The invention is further illustrated by the following examples, which are not intended to limit the scope of the invention. The experimental methods without specifying specific conditions in the following examples were selected according to the conventional methods and conditions, or according to the commercial instructions.
Detailed Description
Example 1: preparation of cinacalcet hydrochloride intermediate II (refer to the method for synthesizing line 1 in patent CN200980136709.1 description)

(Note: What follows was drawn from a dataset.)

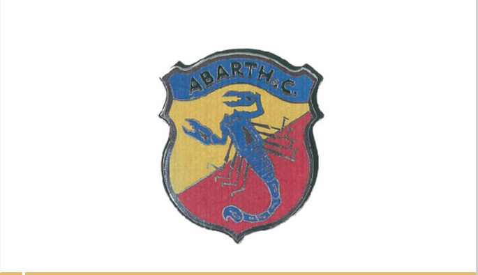 1954 – nach den ersten sportlichen Erfolgen erlangt das Logo allgemeine Bekanntheit. Der Skorpion wird um einen zweifarbigen Wappenschild ergänzt: Gelb steht für Meran, de zweiten Heimat Carlo aBarth und dessen Vater. rot= für die Farbe italienischer Rennwagen.

Under the protection of nitrogen, 100g (0.587 mol) of 1-acetonaphthone and 100g (0.492 mol) of 3-trifluoromethylamphetamine are added into 700mL of ethanol, then 0.48g (0.00499 mol) of methanesulfonic acid is added, the mixture is heated to 60-65 ℃ and stirred for 3-4 hours, and the solvent is removed by vacuum concentration (-0.085 MPa to-0.1MPa, 45-55 ℃). Adding 350mL of n-heptane, stirring for 1-2 hours at 15-20 ℃, standing, removing supernatant and repeating for three times; vacuum concentration (-0.085 MPa-0.1MPa, 45-55 ℃) gave 161.0g of cinacalcet intermediate II, 92.05% yield, 98.37% HPLC purity.
Example 2: preparation of cinacalcet L-tartrate III
To the hydrogenation vessel were added 20g (0.0563 mol) of cinacalcet intermediate II, 27mg (0.0000576 mol) of bis (1, 5-cyclooctadiene) -rhodium trifluoromethanesulfonate, (S) -3,3 '-bis (2, 4, 6-triisopropylphenyl) -1,1' -bis-2-naphthol cyclic phosphate (L;) 44mg (0.0000584 mol) and 100mL of ethanol. Hydrogenating for 2.5-3.5 hours under the condition that the hydrogen pressure is 4-6 atmospheric pressure and the temperature is 40-50 ℃.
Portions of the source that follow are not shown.